Is the mortgage rate or the purchase price more important? | Company

If you’ve been thinking about buying a home and have been hesitating because you’re just not sure of the right time, the following information is for you…

Trying to time the market to identify a moment in time to identify the right time to buy a home is an incredibly difficult business indeed. It’s like trying to locate a needle in a haystack. A better, more pragmatic scenario would be to look at your money, credit, and income and decide to buy a home based on your household budget.

It comes down to your income, your monthly expenses, and a good basic financial framework so you can make an informed decision. If all of that is in place, how do you determine what is the most important purchase price or interest rate? As interest rates continue to rise, your competition disappears. Rising interest rates eliminate your competitors. If you want to make an offer to buy a house and your competition is weak or non-existent, you hold all the cards and you hold all the power to negotiate a fair price for the house. After all, who wants to pay too much for a house?

How do we know you won’t pay too much for the house? It’s surprisingly simple: interest rates stimulate competition. In other words, because interest rates are so high, many are sitting on the sidelines waiting to see what the market does. This is good news for you as a smart and savvy buyer, as it allows you to negotiate the purchase price of the home. Negotiating a purchase price reduction from $50,000 to $100,000 in this environment is not out of the question.
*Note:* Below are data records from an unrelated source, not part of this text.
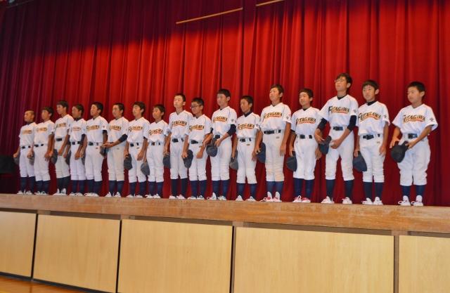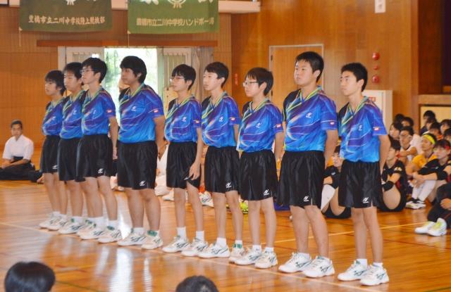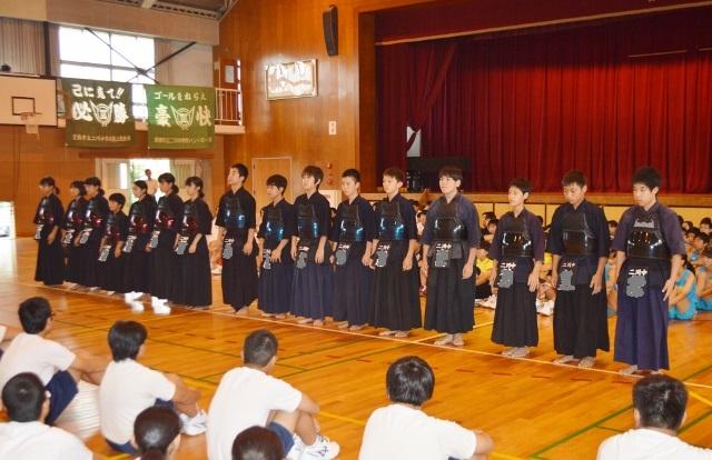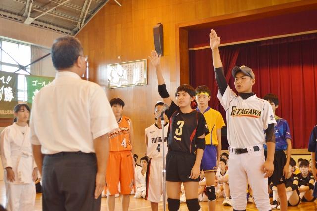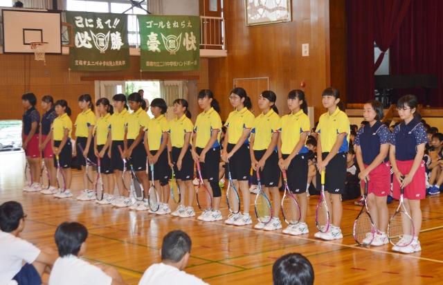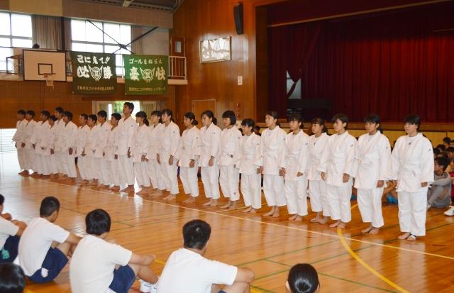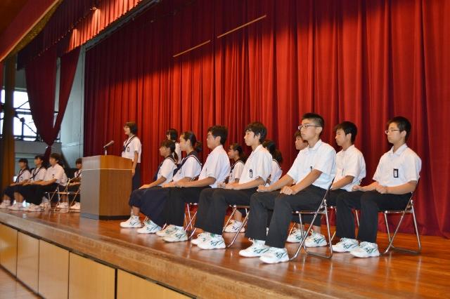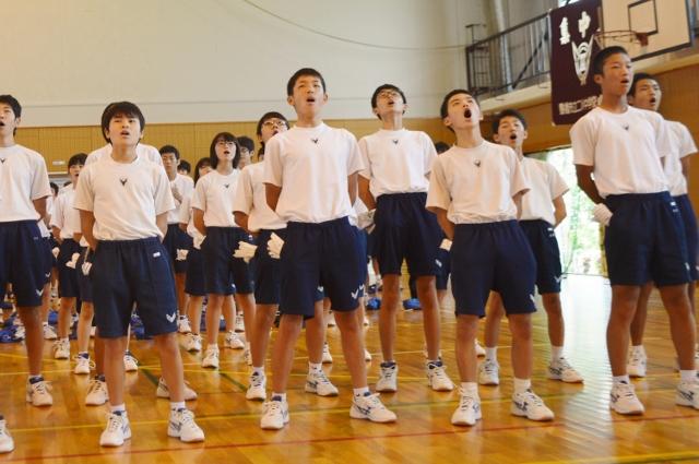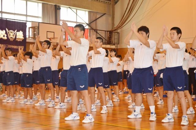 選手激励会! 投稿日時 : 2018/09/27 主担 カテゴリ:今日の出来事 本日6時間目、新人体育大会に向けての選手激励会を行いました。各部活動の元気の良い掛け声での選手入場の後、キャプテンからの大会への抱負、選手宣誓を行いました。そして、3年生の応援団の生徒が中心となって熱いエールを選手たちに贈りました。校長先生からも、最後まで諦めずにがんばり、優勝旗をたくさん取ってくるようにとの励ましの言葉をいただきました。現在、二川中に優勝旗が7本ありますが、どれだけ増えるのか楽しみです。 {{options.likeCount}} {{options.likeCount}}
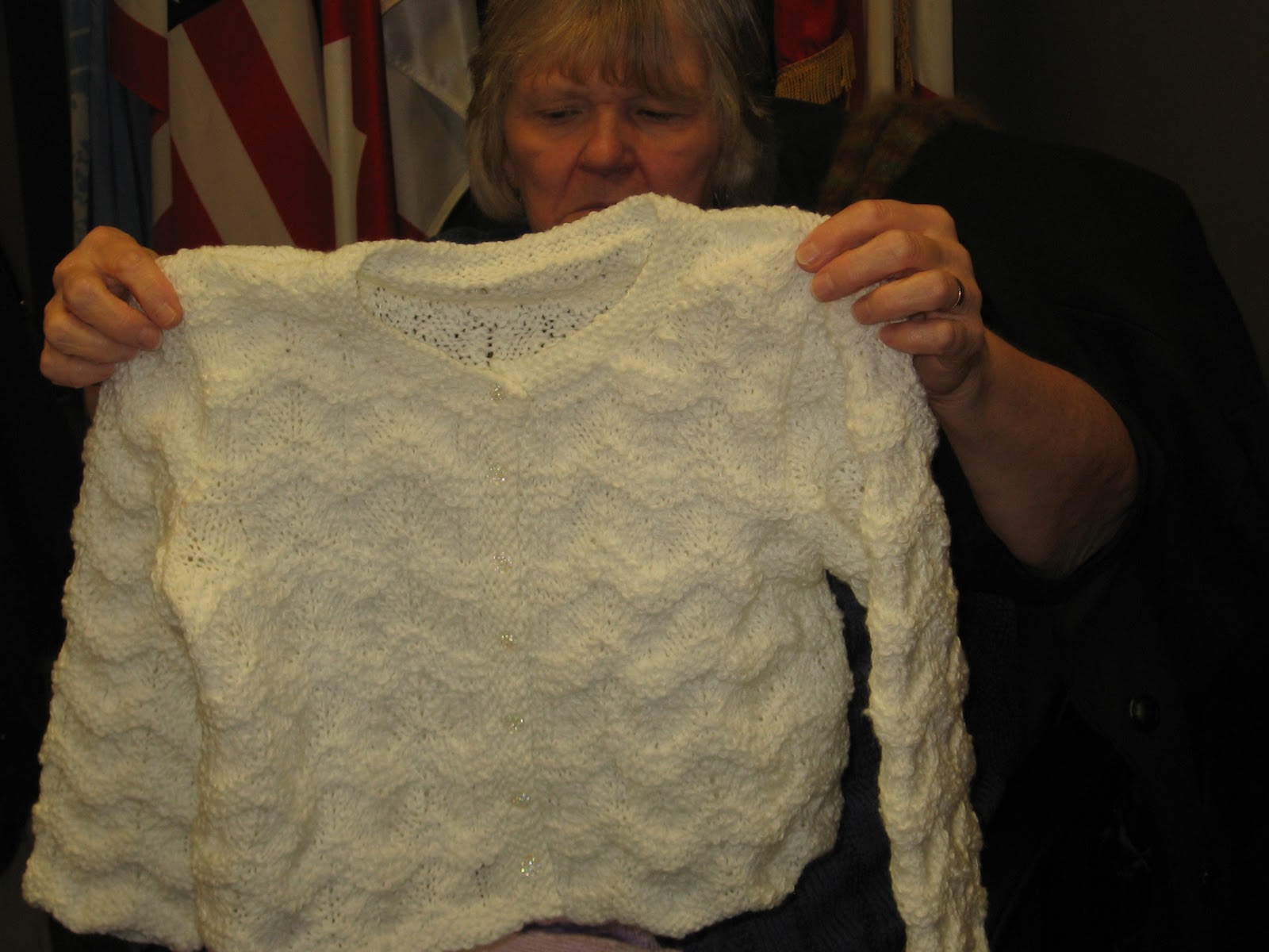 and Ulrika showing a lovely baby blanket.
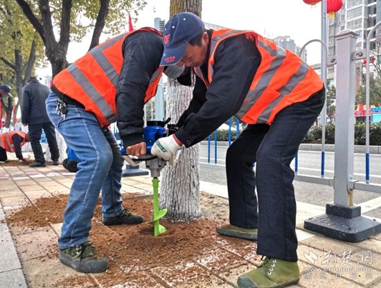 荊楚網(wǎng)(湖北日?qǐng)?bào)網(wǎng))訊(通訊員 鄭新華 陶晶晶 楊宏俊)“我們采購(gòu)了6臺(tái)打孔機(jī),可以把肥料直接送到樹(shù)木的根部,利于樹(shù)木直接吸收。當(dāng)夏季高溫季節(jié)來(lái)臨,可以通過(guò)插管給樹(shù)木灌水補(bǔ)充水分。”2月13日,麻城市金橋大道主干道,技術(shù)人員在推進(jìn)城市道路綠化提升工程現(xiàn)場(chǎng)作業(yè)時(shí)向筆者介紹。
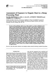 Le but de cette étude était d'évaluer l'exposition aux différents constituants de la poussière organique générée lors de la transformation du chanvre chez un petit groupe de travailleurs. Les niveaux de poussières inhalables, d'en...
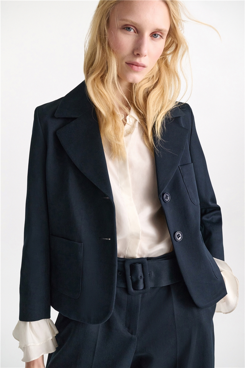 Der Blazer MODERN STRUCTURE von Dorothee Schumacher interpretiert klassische Tailoring-Elemente in moderner, verkürzter Form. Die klare Linie des Reverskragens trifft auf eine leicht A-förmig verlaufende Silhouette, die dem Modell eine subtile Dynamik verleiht. Die 3/4-Ärmel und die ungefütterte Verarbeitung aus reiner Baumwolle sorgen für Leichtigkeit und eine selbstverständliche Eleganz. In Dark Navy wirkt der Petit Blazer ruhig, präzise und vielseitig – ein reduziertes Statement für strukturierte Looks.

Suppose, for whatever reason, you are worried about the falling market and housing prices, well, in most markets, rents are still in high demand. On the other hand, we all know that this interest rate environment is not sustainable and that long term mortgage rates will come down. When interest rates go down, borrowing power goes up, when borrowing power goes up, your competition goes up. More people will be after that same house at a 6 or a 5 percent mortgage rate than they will at a 7 percent mortgage rate. It’s just a hard fact. So, in other words, your $600,000 home today with a 30-year 7% fixed rate mortgage could very easily be a $650,000 or $675,000 or more home at a rate 6% mortgage assuming interest rates fall. The idea that housing prices will fall due to high interest rates is very unlikely, as rents continue to soar, long-term fixed rates are about to fall and the supply of housing remains weak.

Think of it like this: if you buy a house today, you can always swap the mortgage rate for something better when rates drop in the future. The way you should see it as an informed homebuyer should be something like this: a mortgage rate of 6.75% today, for example, could very easily be a mortgage of 5.75% in 12 months and a 4.75% mortgage in 24 months. Using a purchase price of $600,000 for the example above, this will result in lower mortgage payments of approximately $800 when interest rates drop through subsequent refinancing opportunities. Waiting to see what happens in the future can make sense if there are concerns about your credit, down payment, or money. If these elements are in place and your goal is to buy real estate and hold it for a few years, you will end up doing very well overall.